Ayanian J Z, Udvarhelyi I S, Gatsonis C A, Pashos C L, Epstein A M
Division of General Medicine, Brigham and Women's Hospital, Boston, MA.
JAMA. 1993 May 26;269(20):2642-6.
To assess whether rates of coronary revascularization procedures differ between blacks and whites after coronary angiography is performed and to assess the relationship of these rates to hospital characteristics.
A retrospective cohort study using 1987 and 1988 data on hospital claims and characteristics from the Health Care Financing Administration.
One thousand four hundred twenty-nine acute care hospitals that provide coronary angiography in the United States.
A national sample of 27,485 Medicare Part A enrollees, aged 65 to 74 years, who underwent inpatient angiography for coronary heart disease in 1987.
The adjusted odds of revascularization with either coronary angioplasty or bypass graft surgery within 90 days of angiography for whites relative to blacks, controlling for age, sex, region, Medicaid eligibility, principal diagnosis, comorbid diagnoses, and hospital characteristics of ownership, teaching status, urban/suburban or rural location, and availability of revascularization procedures.
White men and women were significantly more likely than black men and women, respectively, to receive a revascularization procedure after coronary angiography (57% and 50% vs 40% and 34%, both P < .001). The adjusted odds of receiving a revascularization procedure after coronary angiography were 78% higher for whites than blacks (95% confidence interval for odds ratio, 1.56 to 2.03). Statistically significant racial differences in the adjusted odds of receiving a revascularization procedure were present in all types of hospitals except rural hospitals, and these differences did not vary significantly by any of the four hospital characteristics (all P > .20 for interaction terms).
Among Medicare enrollees, whites are more likely than blacks to receive revascularization procedures after coronary angiography. Racial differences of similar magnitude occur in all types of hospitals.

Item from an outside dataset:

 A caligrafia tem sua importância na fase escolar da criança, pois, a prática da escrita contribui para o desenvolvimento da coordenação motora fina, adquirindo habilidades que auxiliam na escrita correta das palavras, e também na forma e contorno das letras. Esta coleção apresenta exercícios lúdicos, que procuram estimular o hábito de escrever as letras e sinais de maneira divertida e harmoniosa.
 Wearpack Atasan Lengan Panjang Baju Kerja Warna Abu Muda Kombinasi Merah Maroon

These differences may reflect overuse in whites or underuse in blacks, but they are unlikely to reflect access to cardiologists or hospitals that perform revascularization procedures. Potential explanations include unmeasured clinical or socioeconomic factors, differing patient preferences, and racial bias at the hospitals performing angiography.

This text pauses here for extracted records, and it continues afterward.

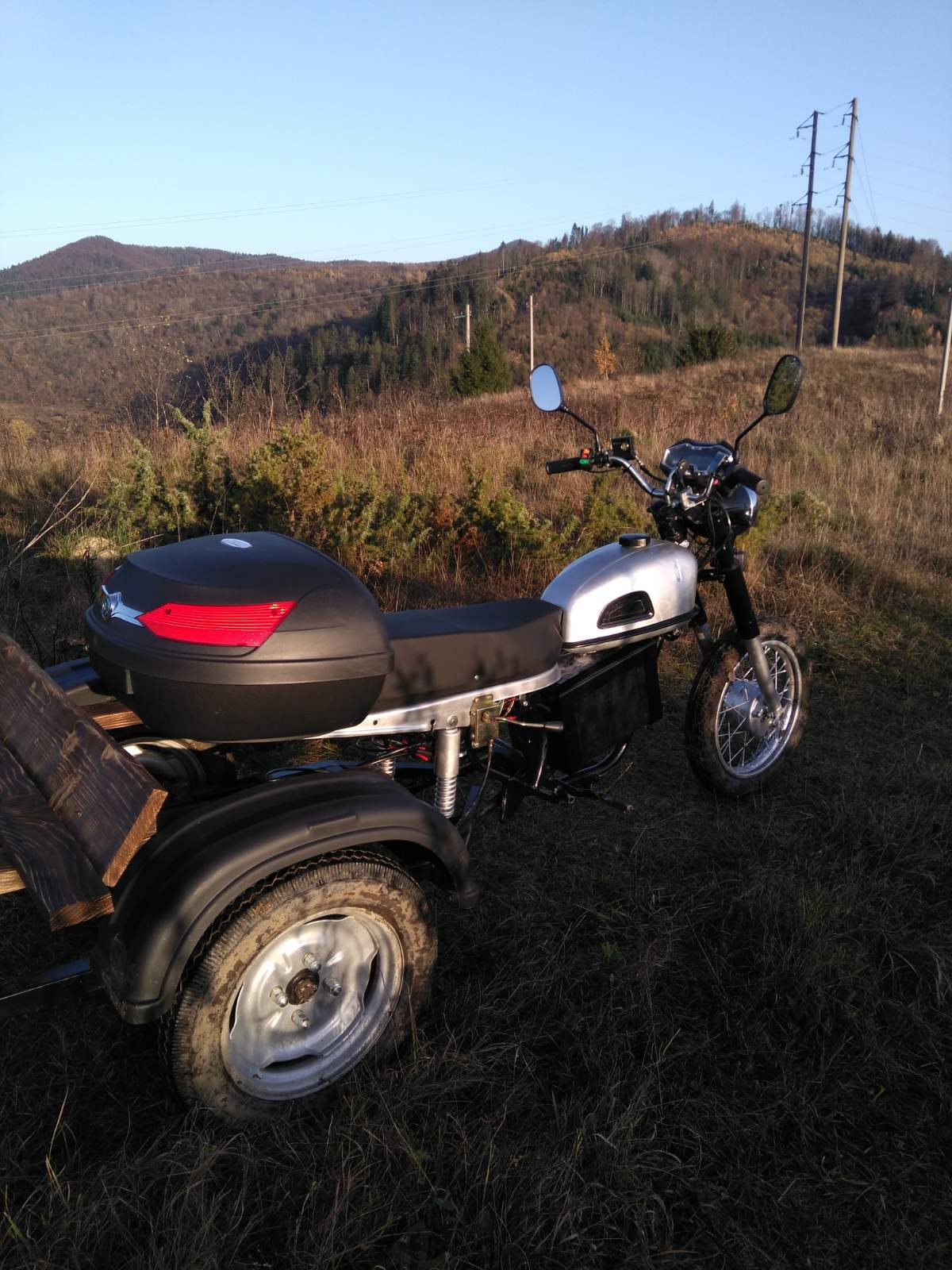 На половину зарядженому акумуляторі максималка по GPS спідометру, склала - 35 км/год. На підйомах по пагорбах, травах, дуже виручала понижена передача, але оскільки гума дорожня, то і буксував місцями. Гуму треба змінити з іншим протектором. Щодо керованості, відпрацювання амортизаторі, передніх-задніх, все чудово. Каталися по одинці і з пазажиром, все чудово. В порівнянні з вантажним трайком і цим, різниця - колосальна. Клієнт задоволений! Залишилося доробити проводку, задній багажник, установити всю світлотехніку, зараз тільки передня фара працює. Установити крила, підключити передні гальма, обшити по бокам і все. В майбутньому можливо заміниться гідравлічний шланг і трос пониженої, оскільки вони надто довгі, довелося це все зкручувати.
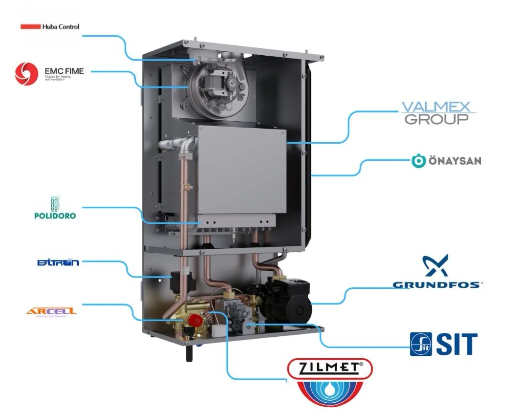 Yüksek ısı transferi sağlayan paslanmaz eşanjör yapısı, uzun ömürlü kullanım ve yüksek verim sunar.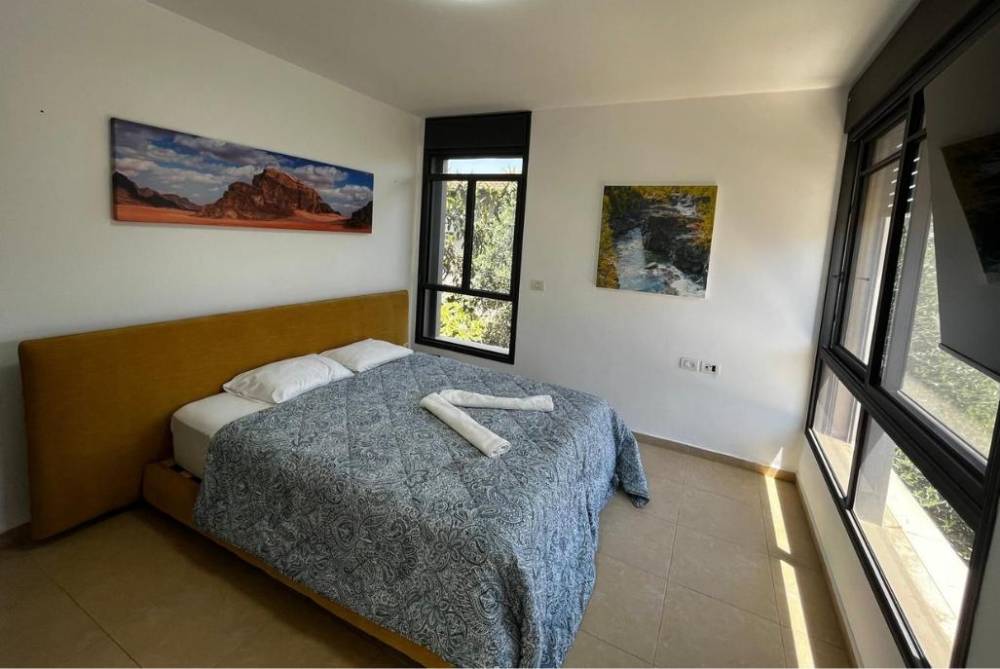 חדר שינה 3 כולל: מיטה זוגית, שידות לאחסון, טלוויזיה חכמה, חדר רחצה מאובזר, חלונות גדולים אל מול הנוף.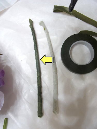 それぞれをねじかけてもOKです10センチほど、テーピングします。下までまかなくてOKです。 実はこのようにカットし 摘まメル程度に茎をそろえてカットし、 写真のようにワイヤーリングします こちらもテーピングを10cmほどします 次にスイートピーを準備しましょう。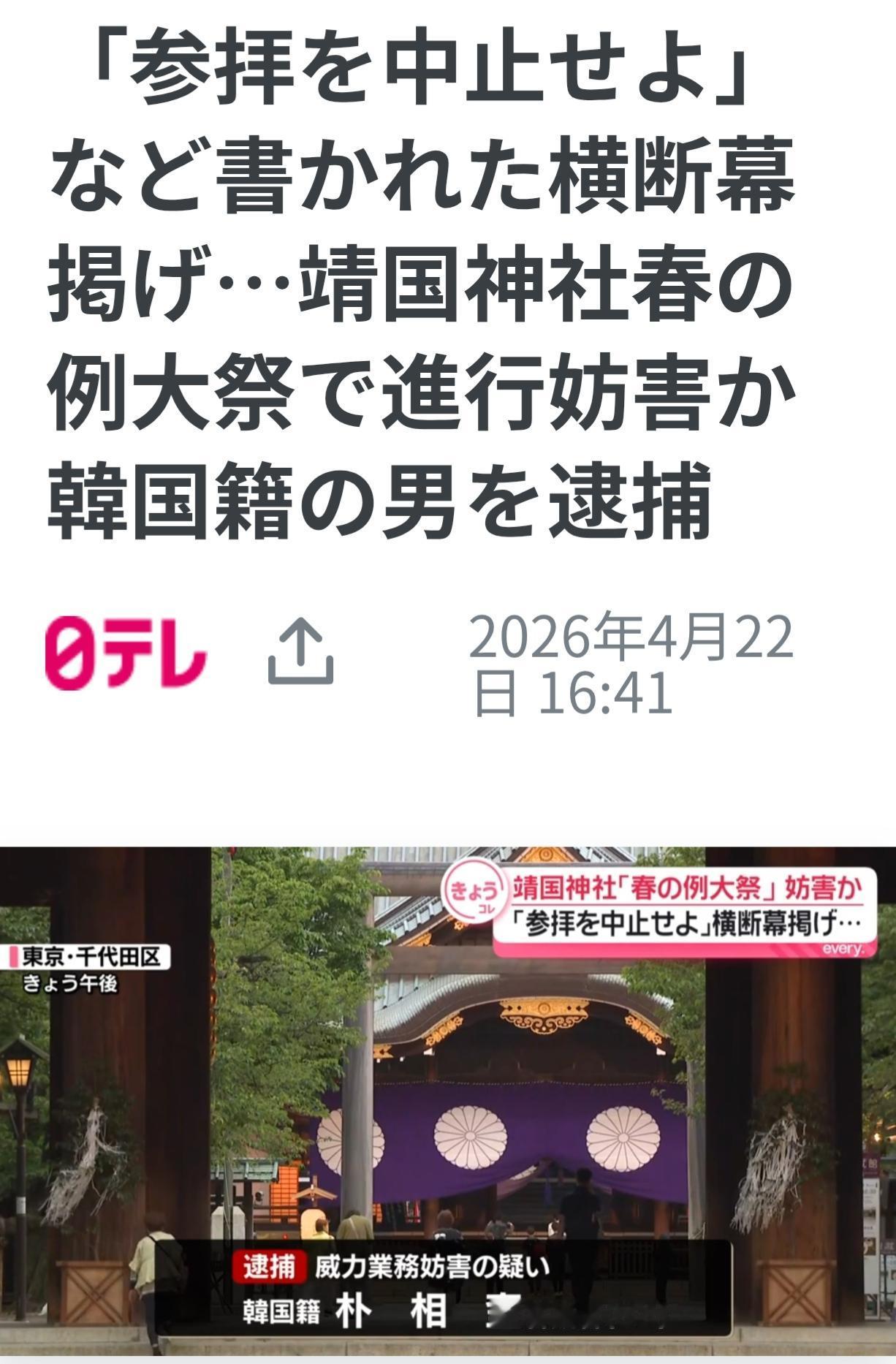64岁勇士抗议参拜靖国神社被日警逮捕 日媒《日本新闻网》4月22日报道:今天在靖国神社举办的春祭,126名高市内阁大臣和议员参拜。 来自韩国的64岁朴相奎,因在门前举着写有“停止参拜”的横幅抗议,被日本警方以“妨碍活动进程”为由逮捕。 据东京都警察厅称:朴相奎“涉嫌妨碍了22日上午11点在千代田区靖国神社举办的春祭活动”。 当时朴相奎在门口举起一面日文横幅,上面写着“停止参拜战犯的靖国神社”。 对于警方讯问,朴相奎表示“做了自己想做的事”。 朴相奎于前天(4月20日)刚抵达日本。 日本 韩国 爆料 高市早苗为何要“拜鬼” 我要上精选-全民写作大赛 天南地北大拜年

评估冠状动脉造影术后黑人和白人进行冠状动脉血运重建术的比例是否存在差异,并评估这些比例与医院特征之间的关系。
一项回顾性队列研究,使用了1987年和1988年来自医疗保健财务管理局的医院索赔和特征数据。
美国1429家提供冠状动脉造影的急性护理医院。
一个由27485名年龄在65至74岁之间的医疗保险A部分参保人组成的全国样本,他们于1987年因冠心病接受了住院血管造影。
在控制年龄、性别、地区、医疗补助资格、主要诊断、合并诊断以及医院所有权、教学状况、城市/郊区或农村位置以及血运重建手术可用性等医院特征的情况下,白人相对于黑人在血管造影后90天内接受冠状动脉成形术或搭桥手术进行血运重建的调整后比值比。
白人男性和女性在冠状动脉造影后接受血运重建手术的可能性分别显著高于黑人男性和女性(分别为57%和50%,而黑人男性和女性为40%和34%,P均<.001)。冠状动脉造影后接受血运重建手术的调整后比值比,白人比黑人高78%(比值比的95%置信区间为1.56至2.03)。除农村医院外,所有类型医院在接受血运重建手术的调整后比值比上均存在统计学上显著的种族差异,并且这些差异在四个医院特征中的任何一个方面均无显著变化(所有交互项的P>.20)。
在医疗保险参保人中,白人在冠状动脉造影后比黑人更有可能接受血运重建手术。所有类型的医院都存在类似程度的种族差异。这些差异可能反映了白人的过度使用或黑人的使用不足,但不太可能反映获得进行血运重建手术的心脏病专家或医院的机会。潜在的解释包括未测量的临床或社会经济因素、不同的患者偏好以及进行血管造影的医院中的种族偏见。